Knowledge graphs (KGs) store human knowledge in a graph-structured format, where nodes and edges denote entities and relations, respectively. Most KGs, such as wikidata [1], suffer from the incompleteness problem; namely, a large number of factual triples are missing, leading to performance degradation in downstream applications. Thus, there is growing interest in developing KG completion (KGC) methods to solve the incompleteness problem by inferring undiscovered factual triples based on existing ones.

Prior KGC work focuses on learning embeddings for entities and relations through a simple score function. Yet, a higher-dimensional embedding space is usually required for a better reasoning capability, which leads to larger model size and hinders applicability to real-world problems (e.g., large-scale KGs or mobile/edge computing). A lightweight modularized KGC solution, called GreenKGC, is proposed to address this issue. GreenKGC consists of three modules: representation learning, feature pruning, and decision learning, to extract discriminant KG features and make accurate predictions on missing relationships using classifiers and negative sampling. The overview of the model is shown in Fig. 1.

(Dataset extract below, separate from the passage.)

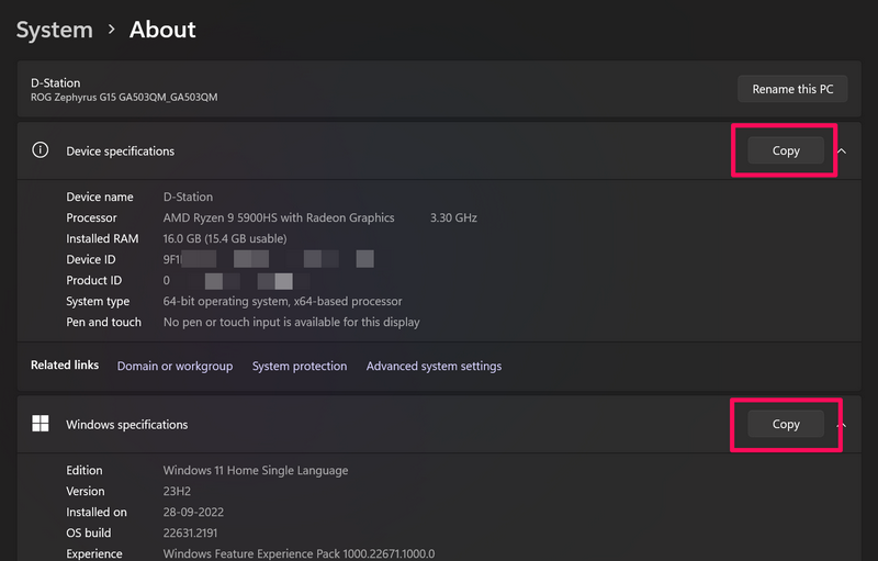 6.Tästä eteenpäin voit tarkistaa Windows 11 -tietokoneen tai kannettavan tietokoneen tekniset tiedot, vaan myös kopioida ne omistautuneellaKopioidaPainikkeet toimitetuissa osioissa.

Experimental results demonstrate several advantages of GreenKGC. First, it only requires a low-dimensional space (e.g. d = 8) to achieve achieve competitive or even better performance against high-dimensional models with much smaller model sizes. Second, as compared with other classification-based methods, it requires a shorter inference time and provides better performance. Third, the feature pruning module is 20x faster than knowledge distillation methods in training powerful low-dimensional features. A comparison of GreenKGC and other KGC models under different dimensions is given in Fig. 2.

-By Yun Cheng Wang

 

Reference:

[1] Vrandečić, Denny, and Markus Krötzsch. “Wikidata: a free collaborative knowledgebase.” Communications of the ACM 57.10 (2014): 78-85.